KETCHUP = beta_dist(a = 4.285476474234375, b = 3.5062989334644894)
prior = KETCHUP.get_pdf()

#Obtain data to update hyperparameters
total_participants = data.shape[0]
how_many_chill_their_ketchup = sum(data['fridge']) 

#Update hyperparameters
KETCHUP.update_beta_params(n = total_participants, num_successes = how_many_chill_their_ketchup)
posterior = KETCHUP.get_pdf()
print("The updated hyperparameters are:")
print(KETCHUP.a, KETCHUP.b)
post_mean = KETCHUP.a/(KETCHUP.a + KETCHUP.b)
MLE = how_many_chill_their_ketchup/total_participants

print("The mean value of our posterior is %s" %post_mean)
print("Our Maximum Likelihood estimate is %s" %MLE)

#Plot prior and posterior
plt.plot(prior['x'], prior['fx'])
plt.plot(posterior['x'], posterior['fx'])
plt.axvline(x=how_many_chill_their_ketchup/total_participants, color = "red")
plt.axvline(x = post_mean, color = "green")
plt.legend(['Prior Distribution', 'Posterior Distribution','ML estimate of p', 'Posterior mean'], loc='upper left')

plt.show()

The updated hyperparameters are:
23.285476474234375 9.506298933464489
The mean value of our posterior is 0.7101011209282497
Our Maximum Likelihood estimate is 0.76

What does all this mean?¶

We started out with a prior distribution on p. The prior distribution represented my beliefs about how likely it was for p (the proportion of people who chill their Tomato Ketchup) to take certain values. I thought it was likely p was just over 0.5 but not by too much.

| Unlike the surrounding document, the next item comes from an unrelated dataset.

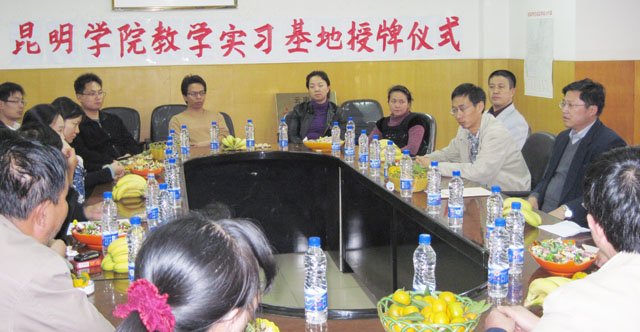 五华区教育局高红副局长对昆明学院在二十四中建立实习基地表示祝贺,同时表示支持昆明学院与五华区的学校建立教学实习基地。

The results of our experiment indicated that, in OPIG at least, many more than 50% of people store chill their ketchup (The estimated proportion was 0.76).

Taking into account my prior uncertainty regarding p and the data, we arrived a posterior which combined the two in an objective way. Using the posterior mean as an estimate, I now believe that 71% of people put their ketchup in the fridge (compared to the prior mean of 55%).

But can't I just use my prior to bias my results?!¶

Well, yes and no. Lets see what would happen if I used an incredibly strong prior for p, with an expected value of 0.05.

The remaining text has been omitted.